Displays an overview of skyrmion's properties.

Energy(skyrmion; density=false)

Compute energy of skyrmion.

Set 'density = true' to output the energy density and moment to n to calculate the nth moment of the energy density.

Baryon(skyrmion; density=false)

Compute baryon number of skyrmion.

Set 'density = true' to output the baryon density and moment to n to calculate the nth moment of the baryon density.

center_of_mass(skyrmion; density=false, moment=0)

Compute the center of mass of skyrmion, based on the energy density.

compute_current(skyrmion; label="uMOI", indices=[0,0], density = false, moment=0)

Compute a variety of currents in the Skyrme model, based on a skyrmion.

You can calculate specific indices using e.g. indices = [1,2]. If indices = [0,0], the function will calculate all indices. If density = false, the function will return the integrated densities, while density = true it will return the densities.

The possible currents are (currently):

• uMOI: the isospin moment of inertia.
• wMOI: the mixed moment of inertia.
• vMOI: the spin moment of inertia.
• uAxial: the u-axial moment of inertia.
• wAxial: the w-axial moment of inertia.
• NoetherIso: the Noether vector current.
• NoetherAxial: the Noether axial current.
• stress: the stress tensor.

rms_baryon(skyrmion)

Compute root mean square charge radius of a skyrmion, using the baryon density.

gradient_flow!(skyrmion; steps = n, tolerance = tol, dt=ls^2/80.0, checks = freq, print_stuff = true)

Applies a gradient flow to skyrmion with timestep dt, either for n steps or until the error falls below tol. The error is checked every checks steps.

See also [newton_flow!, arrested_newton_flow!]

newton_flow!(skyrmion; skyrmion_dot, steps = n, dt=ls^2/80.0, frequency_of_printing = freq, print_stuff = true)

Applies a newton flow to skyrmion whose initial time derivative field is skyrmion_dot with timestep dt, either for n steps or until the error falls below tol. The energy is checked every freq steps.

See also [gradient_flow!, arrested_newton_flow!]

arrested_newton_flow!(skyrmion; skyrmion_dot, steps = n, tolerance = tol, dt=ls^2/80.0, checks = freq, print_stuff = true)

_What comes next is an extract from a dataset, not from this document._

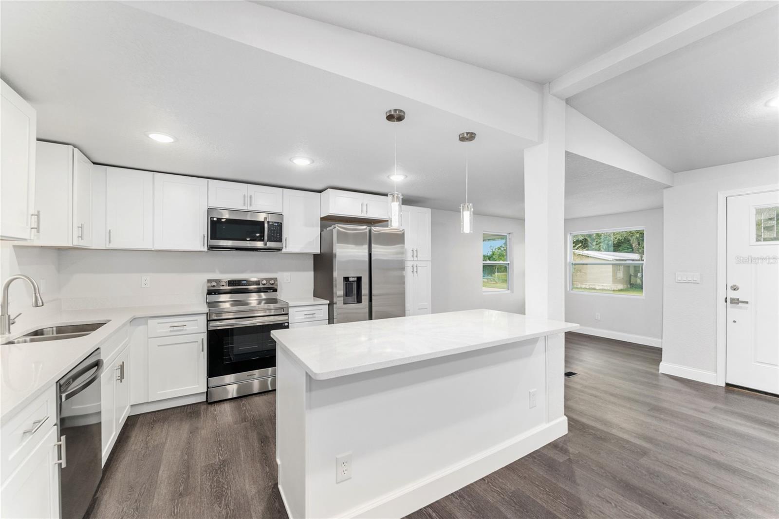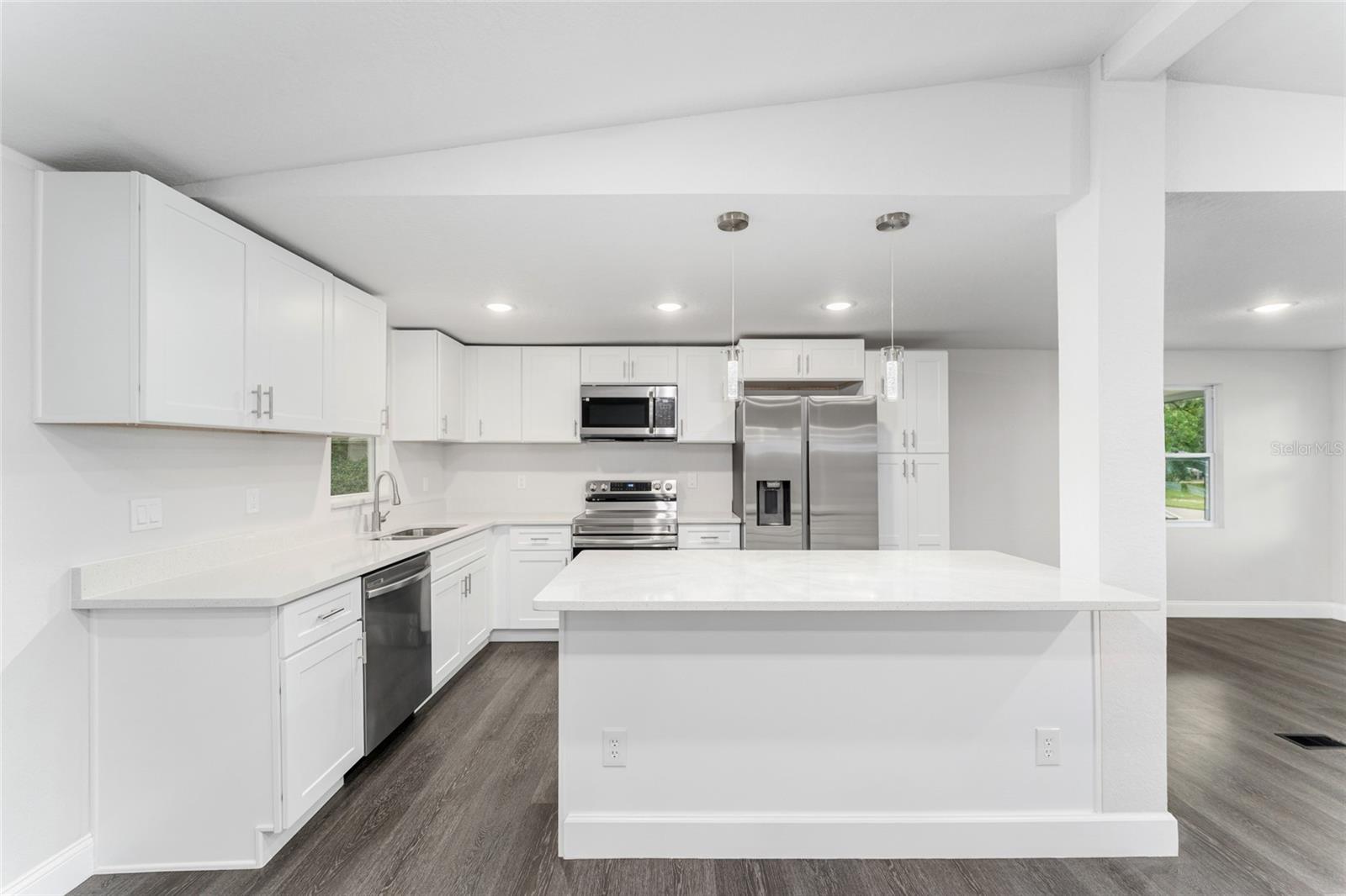 Totalmente reformado e pronto para morar! Esta casa móvel dupla lindamente atualizada oferece mais de 1.300 pés quadrados de espaço confortável com acabamentos de alta qualidade e detalhes atenciosos por toda parte. As atualizações recentes incluem um telhado de metal mais recente e sistema HVAC, um acolhedor deck na varanda frontal e um espaçoso pátio traseiro coberto, perfeito para relaxar ou se divertir. Desfrute de paz e privacidade no quintal cercado, que possui uma unidade de armazenamento embutida de 395 pés quadrados - totalmente alimentada por eletricidade e água, oferecendo infinitas possibilidades para uma oficina, estúdio ou espaço de hobby. Com uma servidão de propriedade do governo atrás da propriedade, você apreciará não ter vizinhos imediatos nos fundos. No interior, esta casa impressiona com iluminação embutida, luxuoso piso de pranchas de vinil e uma planta baixa de conceito aberto e brilhante. A cozinha da ilha é um empecilho, com bancadas de quartzo, eletrodomésticos de aço inoxidável e amplo armário e balcão para o chef da casa. A suíte principal oferece um verdadeiro retiro com um enorme box amplo, pias duplas e um armário grande para muito espaço de armazenamento. Os destaques adicionais incluem uma garagem extragrande e uma localização privilegiada, convenientemente situada entre Ocala e The Villages, perto de lojas, restaurantes e instalações médicas. Este preenche todos os requisitos - estilo moderno, funcionalidade e conforto - tudo em uma localização central fantástica!

Applies an arrested Newton flow to skyrmion whose initial time derivative field is skyrmion_dot with timestep dt, either for n steps or until the error falls below tol. The error is checked every checks steps.

See also [gradient_flow!, newton_flow!]

plot_overview(skyrmion)

Plots the pion fields and a baryon density of skyrmion.

plot_field!(skyrmion; component=3, iso_value=0.5 )

Plots an isosurface of constant value, skyrme_field[component] = iso_value

plot_baryon_density(skyrmion; iso_value = 0.5*(max(BD) - min(BD)), juggling = false, kwargs...)

Plots an isosurface of constant baryon density, with value iso_value, coloured to reveal the pion field structure, originally described in [].

Can use a juggling ball colouring scheme by setting juggling = true.

Optional argument

Can accept any arguments used in Axis3 from the Makie package. See more: [].

interactive_flow(my_skyrmion; iso_value=2.0, kwargs...)

Initialises a interface, used for dynamics. Requires GLMakie to be active. Once activated, can interactively apply a gradient flow or arrested newton flow to the initial skyrme field `my_skyrmion'.